Effects of daily delta(9)-Tetrahydrocannabinol (THC) alone or combined with cannabidiol (CBD) on cognition-based behavior and activity in adolescent nonhuman primates
Background: Daily use of marijuana is rising in adolescents, along with consumption of high potency marijuana products (high % Δ-9-tetrahydrocannabinol or THC). These dual, related trends have opened gaps in understanding the long-term effects of daily consumption of a high dose of THC in adolescents and whether a therapeutic dose of cannabidiol (CBD) modulates THC effects.
Methods: Adolescent squirrel monkeys (Saimiri boliviensis) were treated daily for four months with vehicle (n = 4), a high THC dose (1 mg/kg i.m.; n = 4), or THC + CBD (1 mg/kg +3 mg/kg i.m.; n = 4), to investigate whether: (1) a daily high THC dose affects performance in tasks of cognition (repeated acquisition, discrimination reversal); (2) a daily high THC dose affects spontaneous behavior and day/night activity (3) tolerance develops to the behavioral effects of THC; (4) whether CBD modulates THC effects.
Results: THC impaired performance of adolescent monkeys in a cognitive test initially, but not performance on a task of cognitive flexibility. THC reduced motor activity and increased sedentary behavior, with tolerance developing after weeks of daily treatment. Co-administered with THC, CBD did not modulate THC effects on cognitive performance, activity or tolerance, but prevented THC-induced emesis on the first day of daily treatment.

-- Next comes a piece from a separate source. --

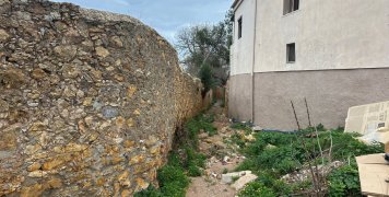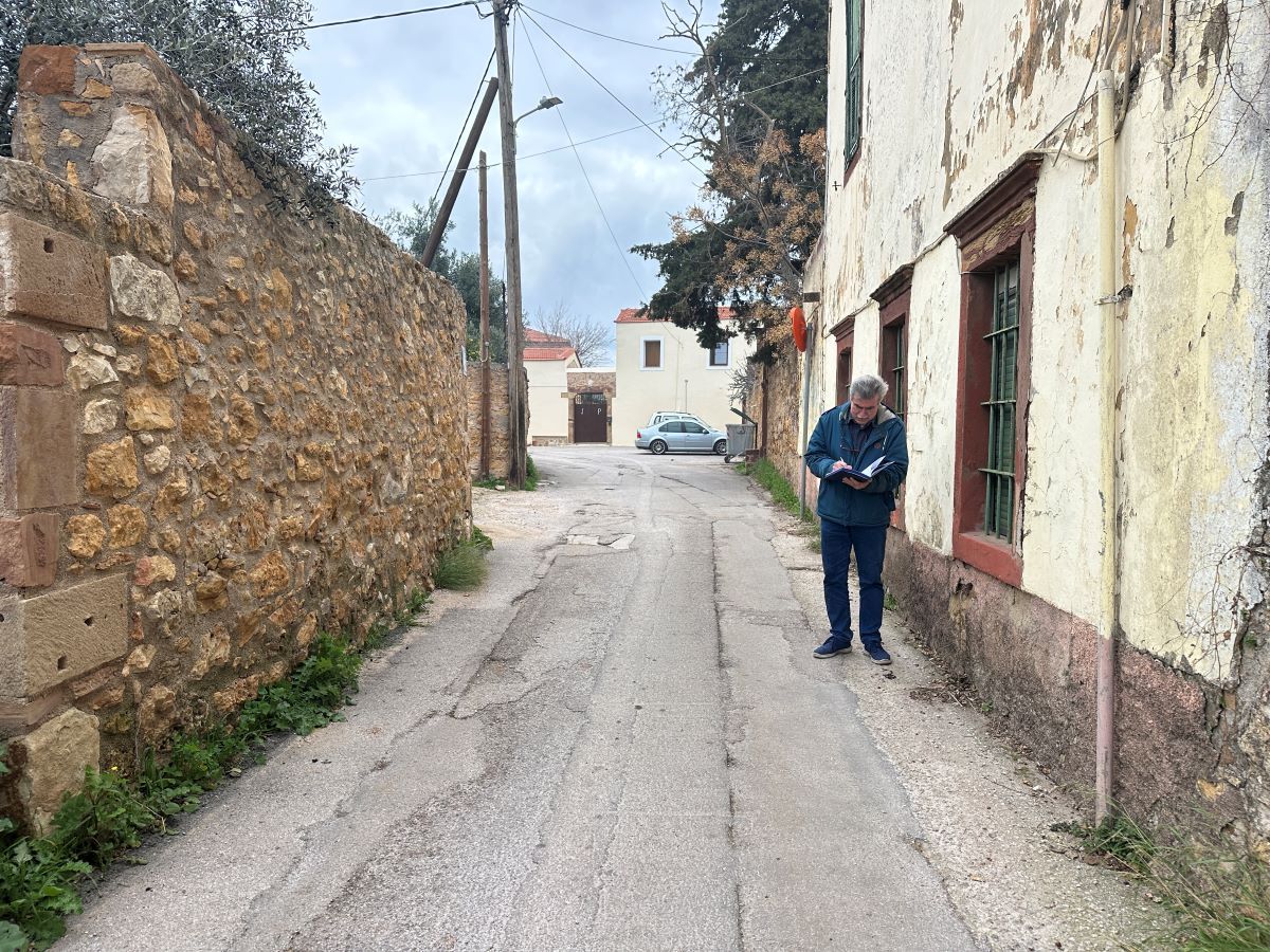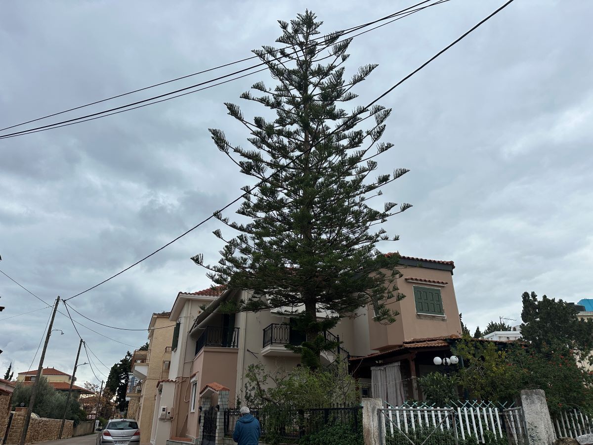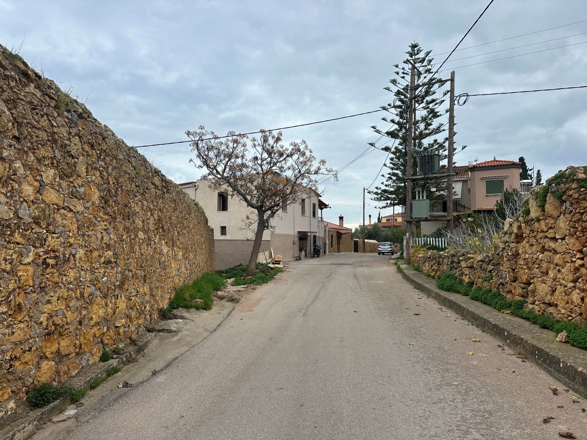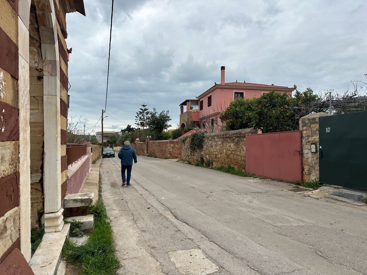 Αν και περιττεύει η γέφυρα αφού τα μπάζα την έχουν φέρει στο ύψος του οδοστρώματος, την παρακάμπτουμε βλέποντας ένα τοιχίο αριστερά, την συνέχεια του ρέματος, που κλασσικά έχει γίνει δρόμος, μια Αροκάρια δεξιά μας και οικίες εκατέρωθεν.

Conclusions: Daily high dosing with THC compromised performance on a task of cognition, and reduced activity in adolescent primates, with tolerance developing within weeks. Whether our observations are relevant to a broader range of cognitive tasks vital for daily function in human adolescents is uncertain.
Keywords: Adolescent monkeys; CBD; Cannabidiol; Cannabis; Cognition; Emesis; Marijuana; Nonhuman primates; Sleep; THC; Unconditioned behavior; Δ9-Tetrahydrocannabinol.